HOW TO COMPLETE THIS TASK -
Print the listing from its top line through the line containing "Deze BIO theeset", nothing more, and leave out the pictures.

=====

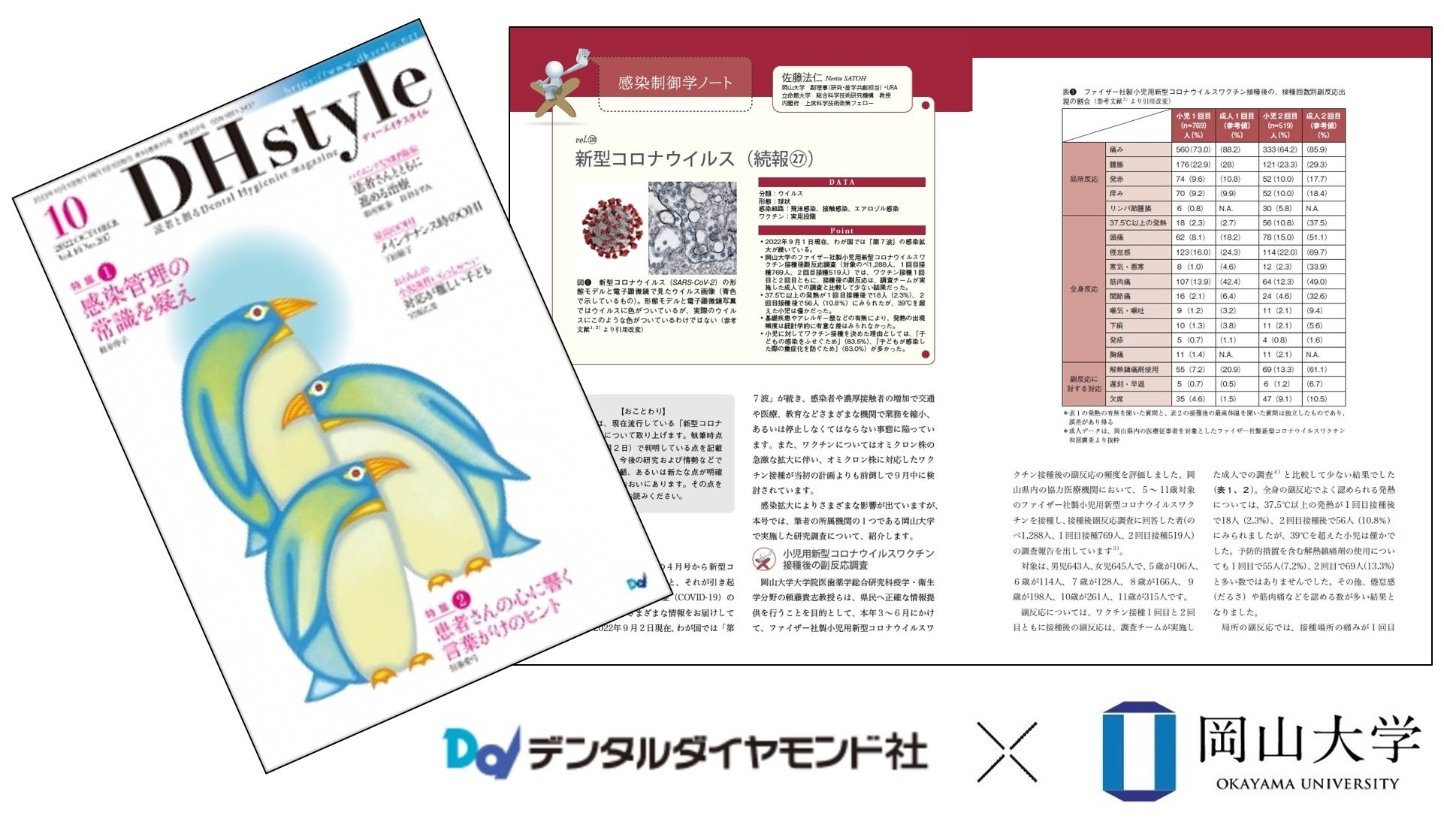 国立大学法人岡山大学(本部:岡山市北区、学長:槇野博史)東京オフィス駐在の佐藤法仁副理事(研究・産学共創担当)・URAは、歯科総合出版社である株式会社デンタルダイヤモンド社(本社:東京都文京区本郷、代表取締役:濵野優)が歯科衛生士向けに発行している月刊誌『DHstyle』に、連載「感染制御学ノート」を2012(平成24)年1月から行っています。
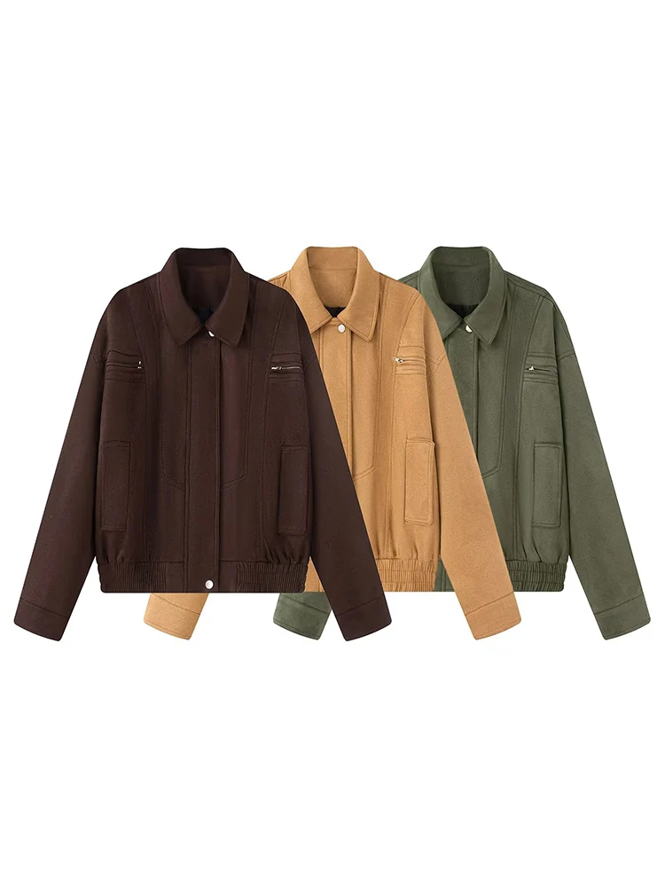 Осенняя женская американская ретро милая крутая стильная мотоциклетная куртка с лацканами и длинными рукавами на молнии в стиле спецодежды
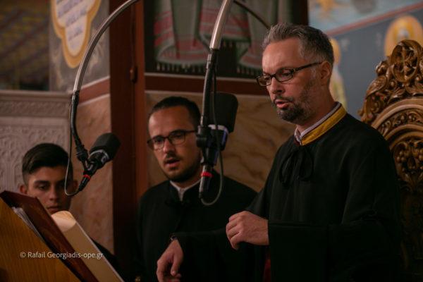 Τους ύμνους απέδωσαν αριστουργηματικά οι ιεροψάλτες του Ιερού Ναού με τις χορωδίες τους. Στο δεξιό αναλόγιο ο Πρωτοψάλτης κ. Αλέξανδρος Δασκαλάκης , ενώ στο αριστερό ο ιεροψάλτης κ. Νικόλαος Χατζής
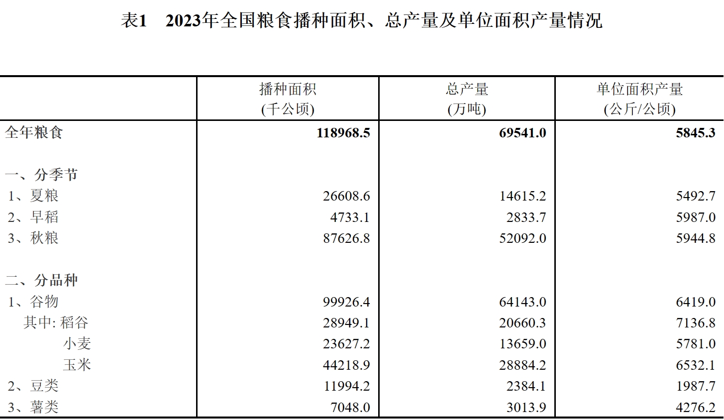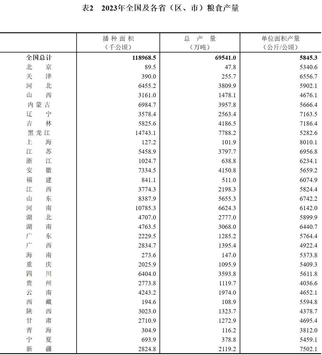 根据对全国31个省(区、市)的调查,2023年全国粮食播种面积、单位面积产量和总产量分别如下:
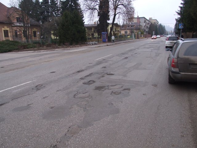 Na uvedených cestných úsekoch, ktoré sú vo vašej správe, existujú rozsiahle a hlboké výtlky, ohrozujúce bezpečnosť premávky a hrozí aj vznik veľkých škôd na motorových vozidlách, ktoré po nich premávajú. Namiesto toho, aby ste zabezpečili kvalitnú priebežnú opravu týchto výtlkov existujúcou zimnou technológiou, sme svedkami ich občasného zasypávania štrkodrvou, ktorá po prejazde dvoch-troch vozidiel je z výtlkov vytlačená naspať na vozovku a neplní svoj účel.
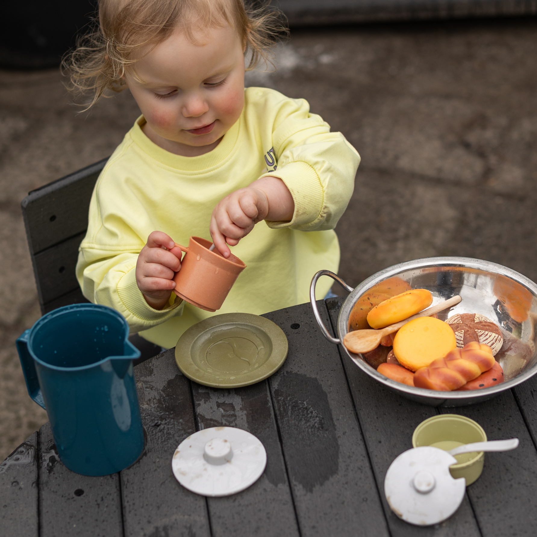 Deze BIO theeset bestaat uit 11 delen en is gemaakt van duurzaam bioplastiek, afgeleid van suikerriet. De set bevat een elegante lichtblauwe theepot, beige kopjes met bijpassende schotels en lepels – allemaal perfect afgestemd op kleine kinderhandjes.
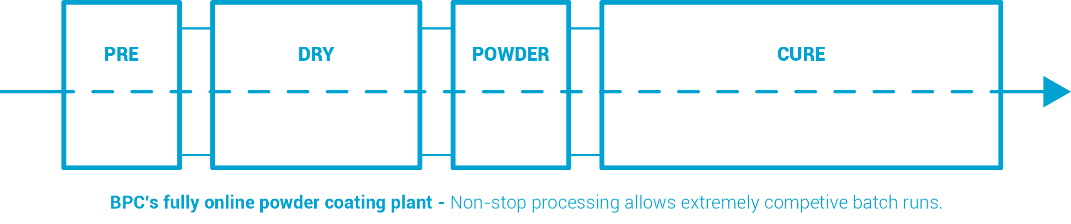 Berkshire Powder Coatings has invested heavily in cutting edge coating technology and utilises brand new on line powder coating systems installed in 2016, with the latest plant we have the facilities to offer high volume and high levels of quality and consistency to all of our products.
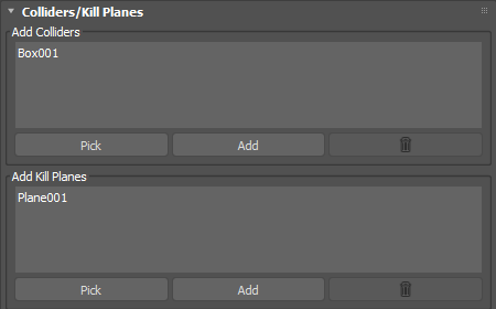 - Click Pick to pick objects from the scene to add as kill planes, or click Add to select kill planes from a dialog. Click Delete to delete an existing selected kill plane.
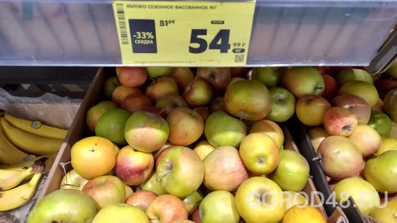 Порадовали цены на яблоки в одном из магазинов. Вполне приличные предлагали по 54 рубля 99 копеек за килограмм, правда, с учетом 33% скидки.
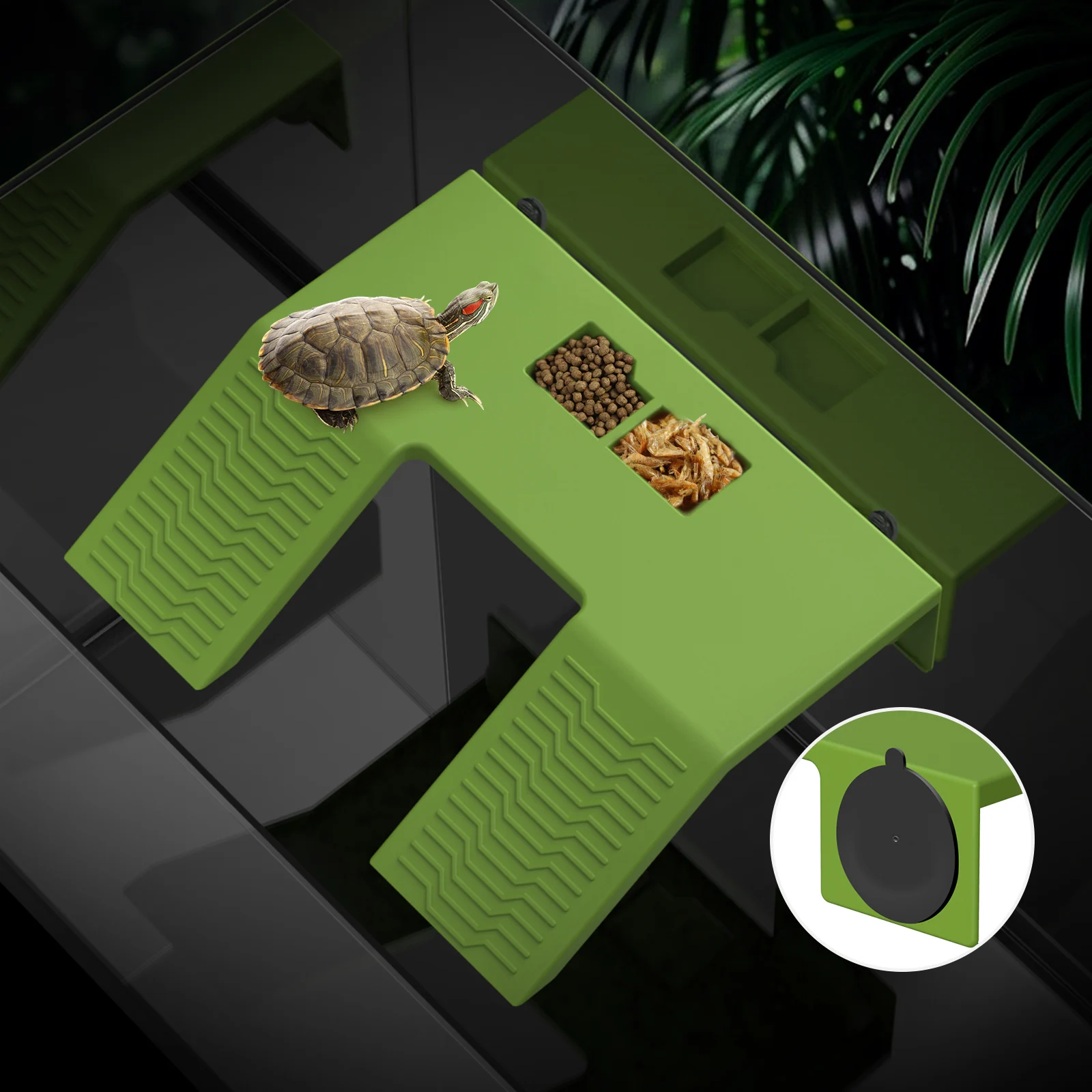 The Turtle Basking Platform is designed for aquatic reptiles and amphibians, providing a comfortable resting area for tortoises. It features suction cups for secure placement in terrariums.
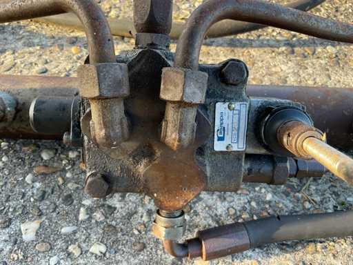 Hydraulic cat.2 top link with rod diameter 30mm and stroke approx 300mm with control valve, white cylinder with rod diameter 35mm and stroke approx 450mm, red cylinder with rod diameter 30mm and stroke approx 1250mm, Bucher 2-way control valve

=====

YOUR SOLUTION -
 国立大学法人岡山大学(本部:岡山市北区、学長:槇野博史)東京オフィス駐在の佐藤法仁副理事(研究・産学共創担当)・URAは、歯科総合出版社である株式会社デンタルダイヤモンド社(本社:東京都文京区本郷、代表取締役:濵野優)が歯科衛生士向けに発行している月刊誌『DHstyle』に、連載「感染制御学ノート」を2012(平成24)年1月から行っています。
 Осенняя женская американская ретро милая крутая стильная мотоциклетная куртка с лацканами и длинными рукавами на молнии в стиле спецодежды
 Τους ύμνους απέδωσαν αριστουργηματικά οι ιεροψάλτες του Ιερού Ναού με τις χορωδίες τους. Στο δεξιό αναλόγιο ο Πρωτοψάλτης κ. Αλέξανδρος Δασκαλάκης , ενώ στο αριστερό ο ιεροψάλτης κ. Νικόλαος Χατζής
 根据对全国31个省(区、市)的调查,2023年全国粮食播种面积、单位面积产量和总产量分别如下:
 Na uvedených cestných úsekoch, ktoré sú vo vašej správe, existujú rozsiahle a hlboké výtlky, ohrozujúce bezpečnosť premávky a hrozí aj vznik veľkých škôd na motorových vozidlách, ktoré po nich premávajú. Namiesto toho, aby ste zabezpečili kvalitnú priebežnú opravu týchto výtlkov existujúcou zimnou technológiou, sme svedkami ich občasného zasypávania štrkodrvou, ktorá po prejazde dvoch-troch vozidiel je z výtlkov vytlačená naspať na vozovku a neplní svoj účel.
 Deze BIO theeset bestaat uit 11 delen en is gemaakt van duurzaam bioplastiek, afgeleid van suikerriet. De set bevat een elegante lichtblauwe theepot, beige kopjes met bijpassende schotels en lepels – allemaal perfect afgestemd op kleine kinderhandjes.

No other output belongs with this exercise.